TRIBUNAL FEES AND EXPENSES

44.     Under section 49 of the CRTA, and the tribunal rules, the tribunal will generally order an unsuccessful party to reimburse a successful party for tribunal fees and reasonable dispute-related expenses. Here, there was mixed success. The owner did not claim dispute-related expenses, so I order none.

45.     Given the partial success of the owner, I find they are entitled to one-half of the $225.00 tribunal fees paid. The strata did not pay tribunal fees. Accordingly, I order the strata to pay the owner $112.50 for tribunal fees.

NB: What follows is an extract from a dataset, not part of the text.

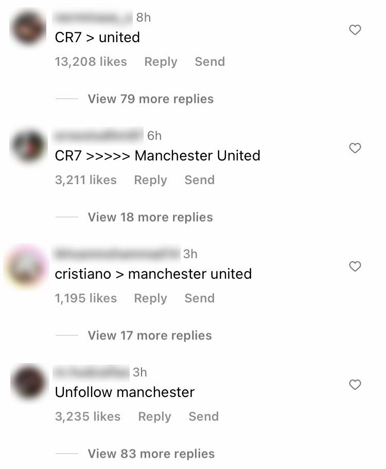 ขณะที่อีกหลายคอมเมนต์ของแฟนคลับต่างแดน ต่างมองว่า “โรนัลโด้” หรือ “CR7” นั้นยิ่งใหญ่เกินกว่า “แมนยู” ถ้าความเห็นไม่ตรงกันก็ควรแยกทาง และจะยังติดตามเชียร์ “โรนัลโด้” ต่อไป โดยอีกหลายคอมเมนต์ประกาศอัลฟอลโลว์เลิกติดตาม “แมนยู” ทันที ในส่วนของแฟนบอลไทยเองก็มองว่า เมื่อไปกันไม่ได้ก็แยกทาง ขณะที่บางเสียงวิจารณ์ “โรนัลโด้” ว่าอีโก้สูง

46.     The strata must comply with the provisions in section 189.4 of the SPA, such as not charging dispute-related expenses against the applicant owner.

DECISION AND ORDER

47.     I order the strata, within 15 days of this decision, to

a.    Pay the owner tribunal fees of $122.50, and

b.    Reverse plumbing invoice charges of $669.90 charged to the owner’s strata lot account.

48.     The owner is entitled to post-judgement interest under the Court Order Interest Act, as applicable.

49.     I dismiss the owner’s remaining claims.

50.     Under section 57 of the CRTA, a party can enforce this final tribunal decision by filing a validated copy of the attached order in the Supreme Court of British Columbia (BCSC). Once filed, a tribunal order has the same force and effect as a BCSC order.

51.     Orders for financial compensation or the return of personal property can also be enforced through the Provincial Court of British Columbia (BCPC). However, the principal amount or the value of the personal property must be within the BCPC’s monetary limit for claims under the Small Claims Act (currently $35,000). Under section 58 of the CRTA, the owner can enforce this final decision by filing a validated copy of the attached order in the BCPC. Once filed, a tribunal order has the same force and effect as a BCPC order.